Three hundred ninth in a series on West Kootenay/Boundary place names

Chinook jargon is a pidgin trade language used in BC, Washington, Oregon, and Alaska during the 19th century. It borrowed vocabulary from the Chinook language but also from English, French, and several other First Nations languages. Some of its words are still commonly used today, such as skookum, hooch, tyee, and potlatch.

In West Kootenay, several Chinook place names are still in use – for communities, mountains, creeks, lakes, and a shopping mall.

Three of these are associated with John C. Bell, mayor of Nelson in 1925 and a partner with A.G. Lambert in several local sawmills. We don’t know if he was actually responsible for choosing the names — he didn’t take credit for them, and nothing in his background suggests a knowledge of or fondness for Chinook jargon — but in each case, the names didn’t exist before he ambled along.

Bell pre-empted land at Sitkum Creek on April 29, 1895. Sitkum (also spelled Sitcum on early maps) means middle or half, and might reflect the creek’s position as approximately halfway along Kootenay Lake’s North Shore between Nelson and Balfour.

(Another Sitkum Creek exists on the upper Shuswap River. Sitkum Lake is at the head of Sitkum Creek just south of Monashee Provincial Park. There’s also a Sitkum Plateau south of the park.)

Bell and Lambert built a sawmill south of Winlaw in 1905 at a spot then known as Watson Siding. The following year, the CPR changed the siding’s name to Lebahdo, the Chinook word for shingle, which we can guess was one of the mill’s products.

(Although Lebahdo has the same pronunciation as the Doukhboor surname Lebedow, Lebahdo was already on the map before the Doukhobor migration to BC.)

In 1907, Lambert and Bell moved their operation to Sproule Creek, west of Nelson.
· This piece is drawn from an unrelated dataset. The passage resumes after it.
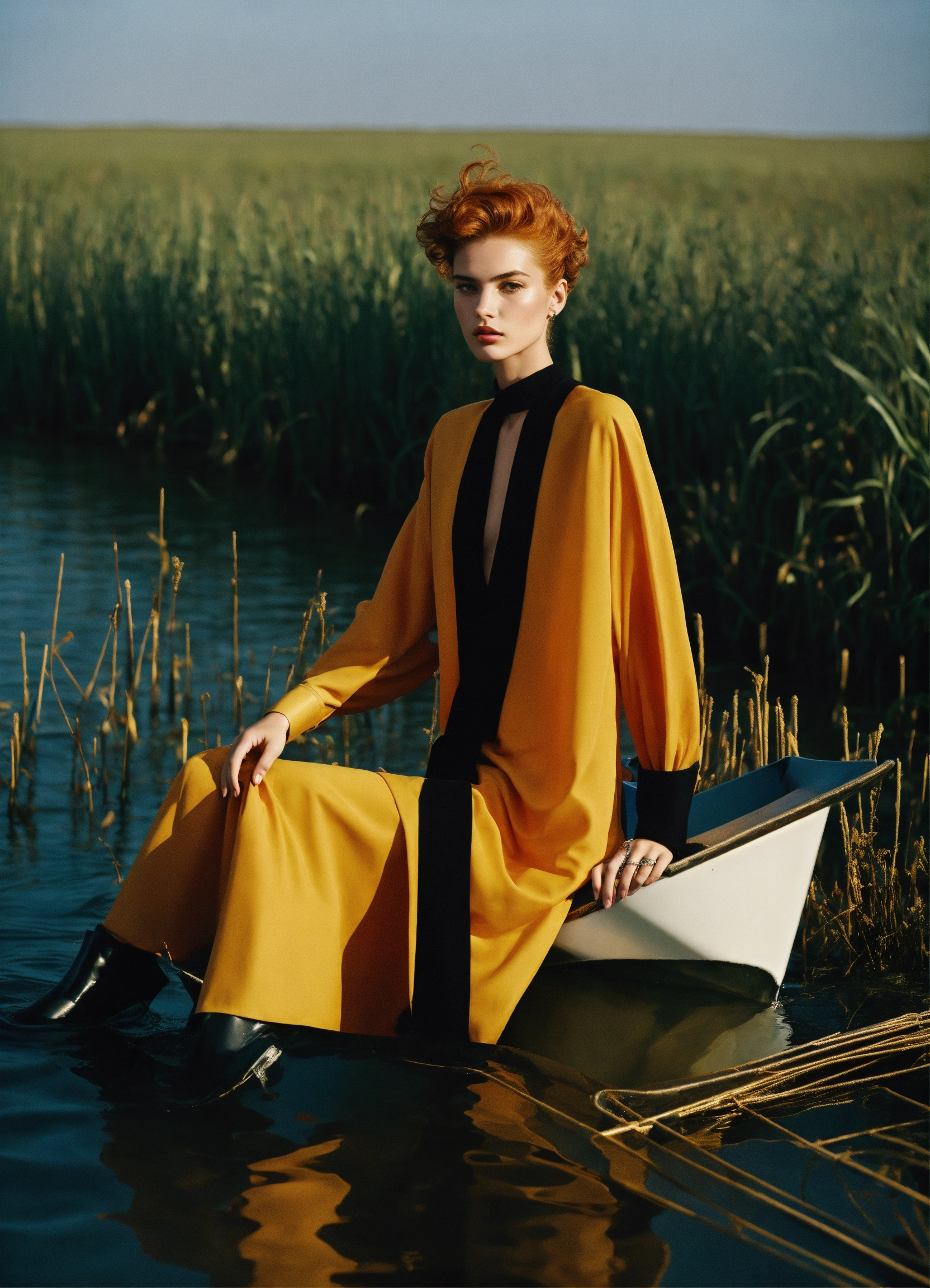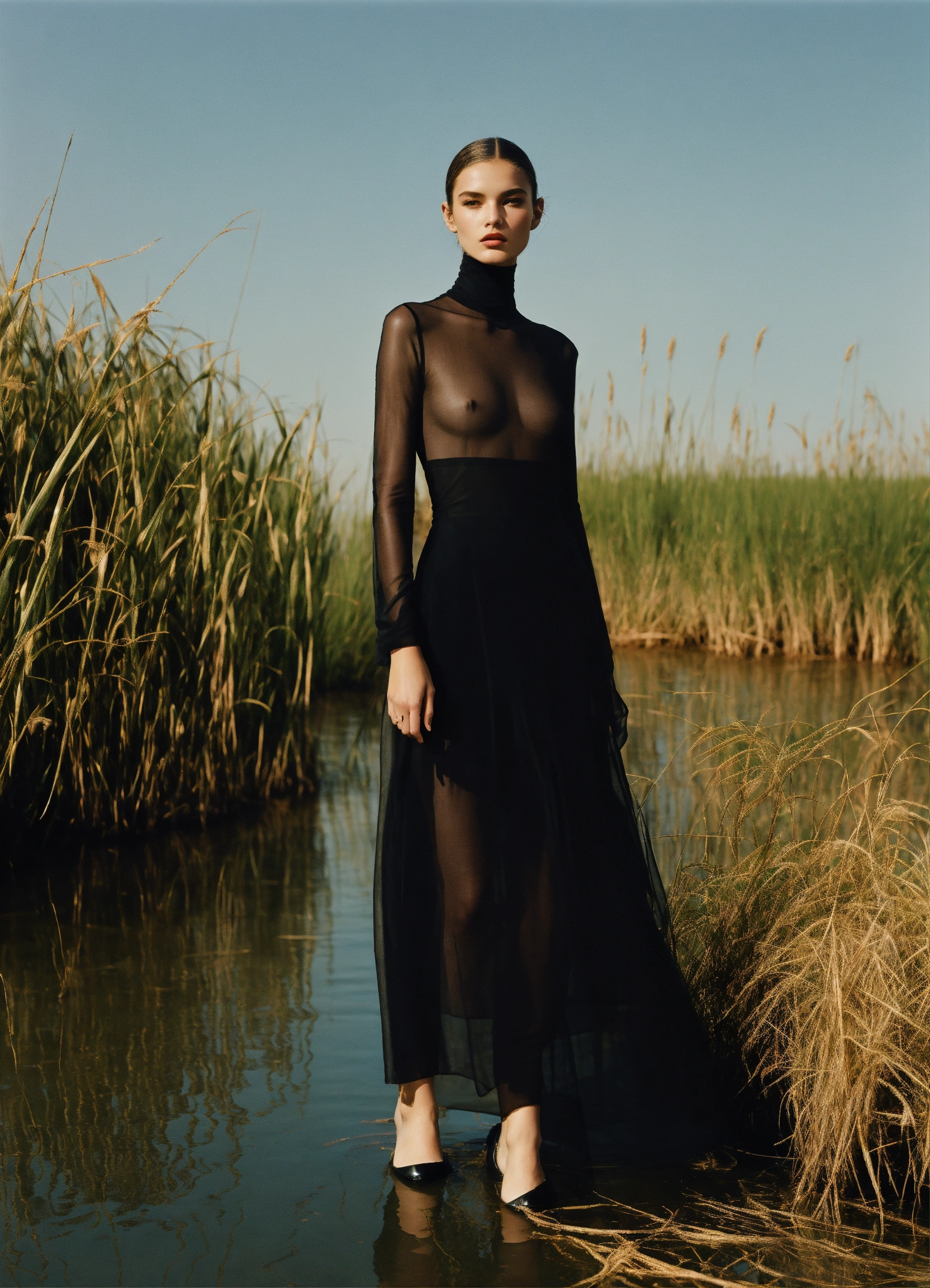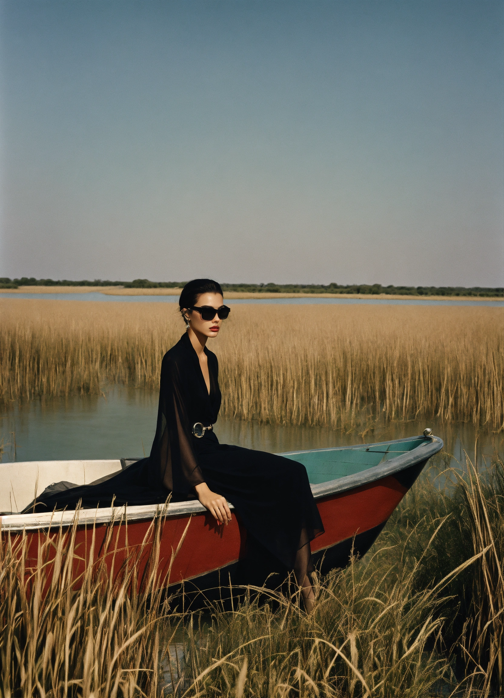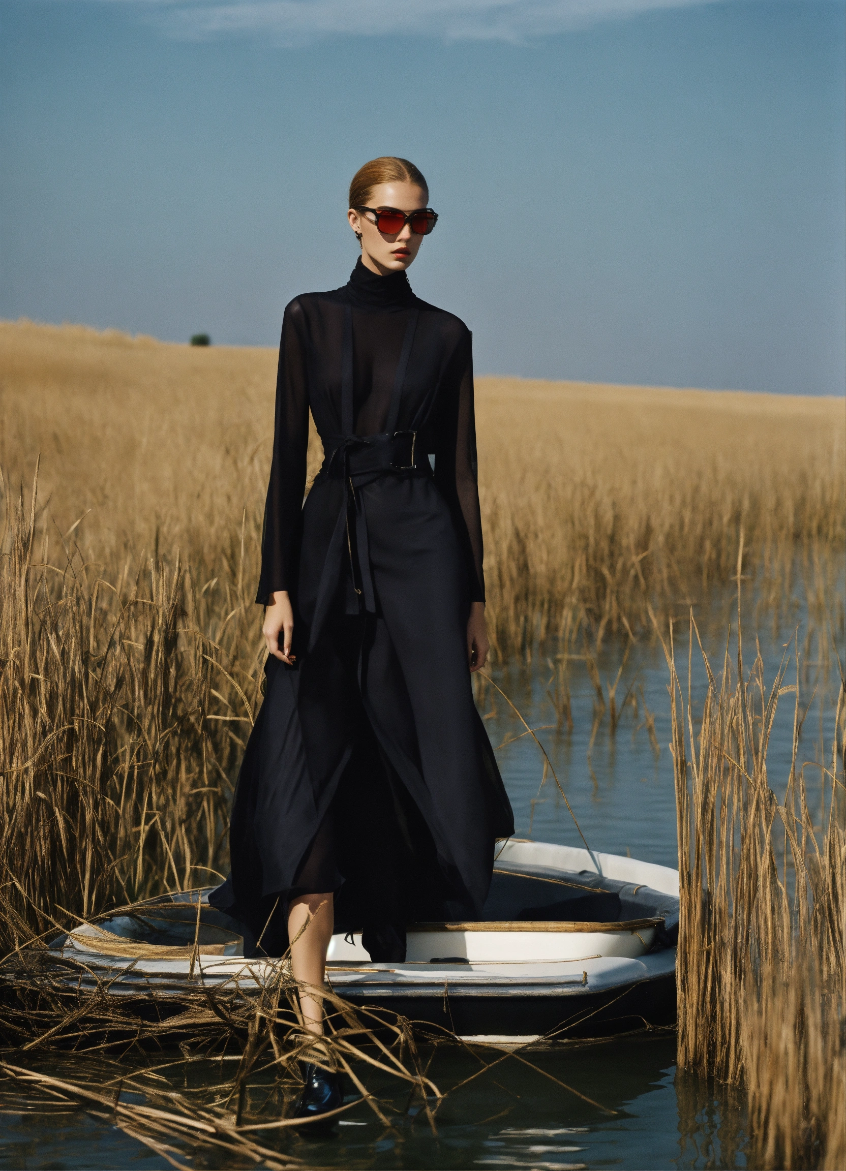 Mugler retro basra marshes vogue boat editorial black vail voile sheer minimalism raft ludovic de saint sernin deco maison kayrouz

The area, also called Williams Siding, became better known as Taghum, the Chinook word for six. However, six what has long been a mystery. Six miles from Nelson? Or six miles to the Kootenay River falls?

A mining claim called the Taghum, recorded for M.C. Monaghan, was described in the Nelson Daily Canadian of June 26, 1906 as “nine miles west of Nelson, about two miles north of Kootenay River.” But as a place name, Taghum doesn’t show up until June 1908.
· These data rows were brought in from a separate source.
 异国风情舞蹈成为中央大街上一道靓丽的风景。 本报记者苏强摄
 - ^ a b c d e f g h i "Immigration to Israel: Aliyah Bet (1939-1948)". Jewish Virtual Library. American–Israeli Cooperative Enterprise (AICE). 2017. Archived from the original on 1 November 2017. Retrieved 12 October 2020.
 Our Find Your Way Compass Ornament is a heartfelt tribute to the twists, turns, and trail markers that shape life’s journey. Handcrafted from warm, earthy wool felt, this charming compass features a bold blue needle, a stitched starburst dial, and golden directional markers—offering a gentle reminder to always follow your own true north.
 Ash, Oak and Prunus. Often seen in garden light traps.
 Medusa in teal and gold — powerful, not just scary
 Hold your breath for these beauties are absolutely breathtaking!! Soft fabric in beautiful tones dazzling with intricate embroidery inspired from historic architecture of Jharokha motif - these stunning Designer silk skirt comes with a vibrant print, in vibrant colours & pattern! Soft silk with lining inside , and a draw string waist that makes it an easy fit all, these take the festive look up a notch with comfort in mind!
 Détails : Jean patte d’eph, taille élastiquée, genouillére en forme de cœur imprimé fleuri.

• In 1947, Ken and Bobbi Chandler built the Tillicum Inn at Balfour. Tillicum has many meanings, all positive: friends, relations, tribe, nation, common people. The resort’s coffee shop was designed to look like a longhouse and its entrance was flanked by totem poles.

The Tillicum was later amalgamated with the neighbouring Rainbow Resort and is today the site of the Dock and Duck pub. You’ll also find Tillicum Mountain northeast of Burton and Tillicum Creek, which flows into the Pend d’Oreille River near Remac.

• In 1914, Nelson threw a giant week-long carnival that was the city’s equivalent of a World’s Fair.

A contest was held to choose the festival’s name. Kootenay Karnival and Carnagatta were considered but fortunately rejected in favor of Chahko Mika, which is the Chinook term for “you come,” or “come you.”

“The selection is felicitous, both in meaning and in its application to a season of merrymaking to be held in a fine little modern city that has risen in a region that once knew no other tongue in common than the Chinook jargon,” wrote the Spokane Spokesman Review.

Rex Cockle of Kaslo won $25 for the suggestion. However, he spelled it Chocko-Mika, and that’s how it first appeared in the Nelson Daily News of Nov. 7, 1913. This brought a letter to the editor from Nelson photographer Allan Lean who thought the name was “a very good one,” but he cited a Chinook jargon dictionary that said it should be spelled chah-ko.

“There are a number of men, especially in East Kootenay, whose Chinook was a common means of communication … who might ridicule the name as misspelt,” Lean wrote.

Organizers took notice and Chahko Mika it became.

Due to its grand scale and its timing — on the eve of World War I — the carnival was fondly remembered, even though it reportedly incurred a big deficit. It was not held again until the 1960s.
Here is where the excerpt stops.